2017 · Andrey Zvyagintsev
A reading · through the lens of theory
Zvyagintsev builds *Loveless* around a structural refusal: Alyosha's disappearance, which in a genre film would detonate sensory-motor urgency, instead occasions what Deleuze calls opsigns & sonsigns — pure optical-sound situations from which no action flows and no transformation results. The search is present, methodical, but the parents emerge from it exactly as they entered it; what the film keeps offering instead are refrain images — frost-laced trees in tight lateral compositions, appearing at the opening and closing — that function not as narrative punctuation but as pure perceptual events, beautiful and blankly inert.

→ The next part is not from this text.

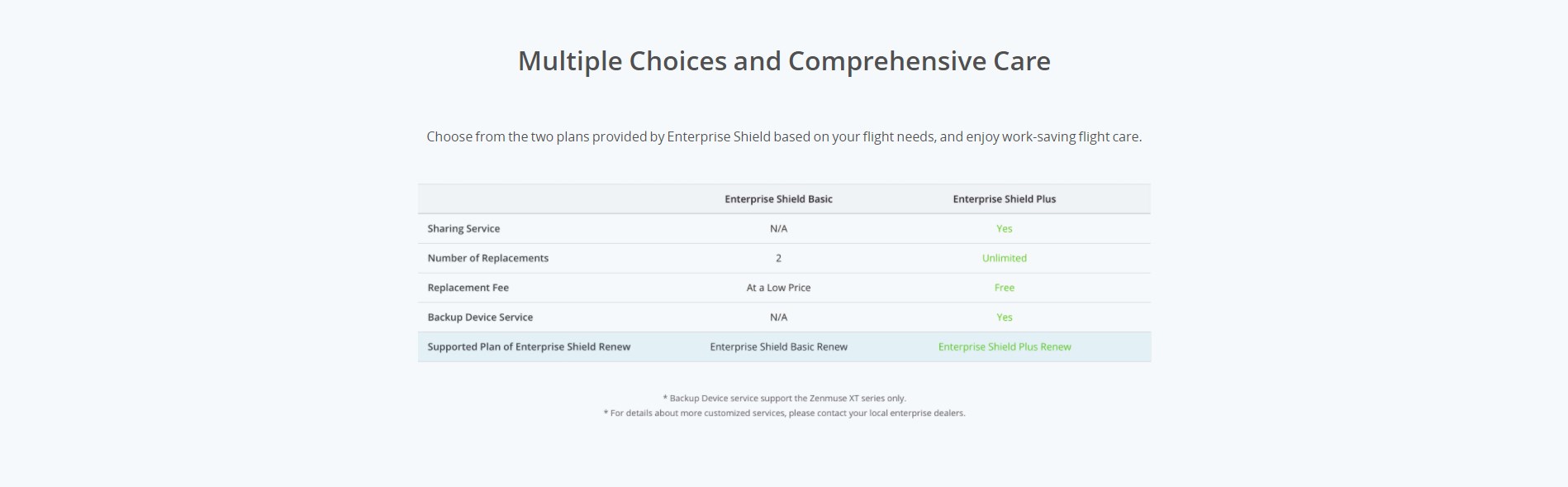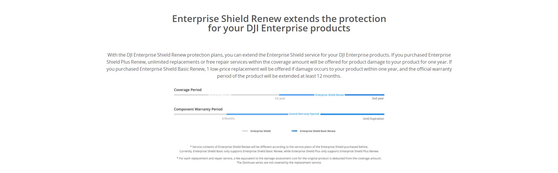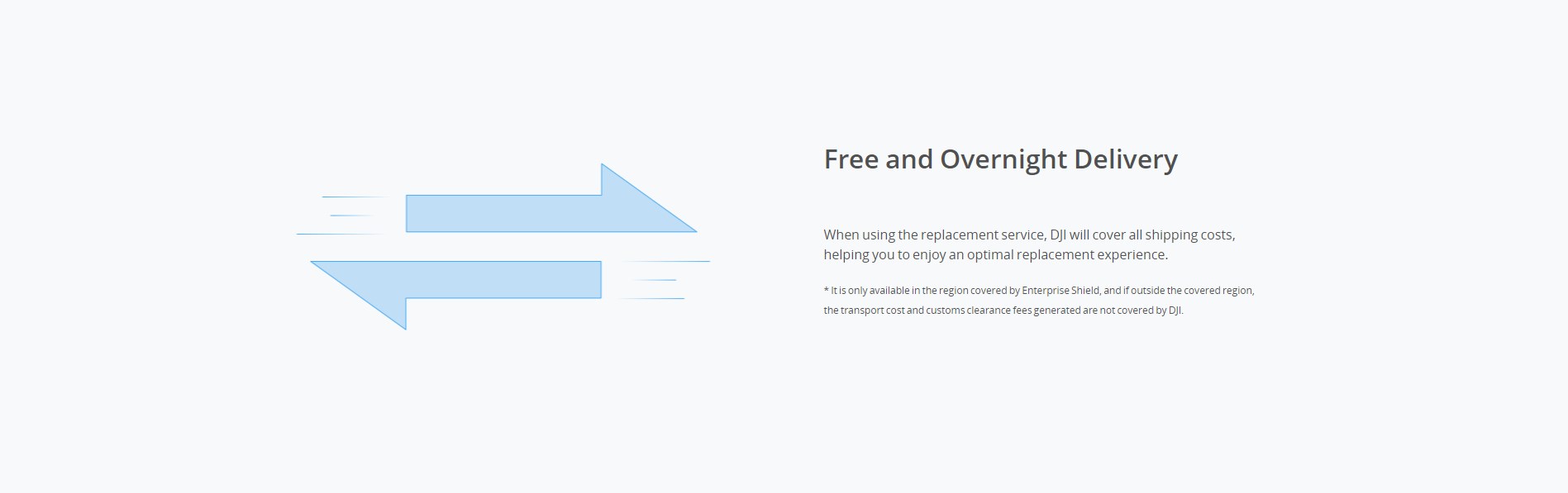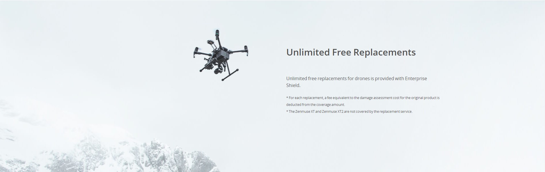 Enterprise Shield was specially created to provide comprehensive protection for your DJI Enterprise products. Offering coverage options with unlimited replacements or free repair services for accidental damage such as crashing, water damage, or signal interference. This efficient and total accident protection service provides greater peace of mind for your entire DJI fleet.

This is the logic of the time-image: Zhenya and Boris are seers rather than agents, condemned to witness their own incapacity without the sensory-motor resources to escape it. Krichman's camera makes the film's spaces equally diagnostic: the family apartment — stripped of objects, of colour, of any trace of lived warmth — becomes a series of any-space-whatever, rooms disconnected from social continuity, each lateral reframe widening the void between two people who have ceased to see each other. That formal grammar descends directly from Antonioni and Rotunno's lateral tracking through EUR-district Milan in *La Notte* (1961), where modernist architecture externalises rather than merely houses a couple's estrangement; Zvyagintsev honours the debt precisely, so that when he returns to those frost-laced trees at the film's close — Alyosha found, no warmth restored — the landscape has become indistinguishable from the moral condition it was always anatomising.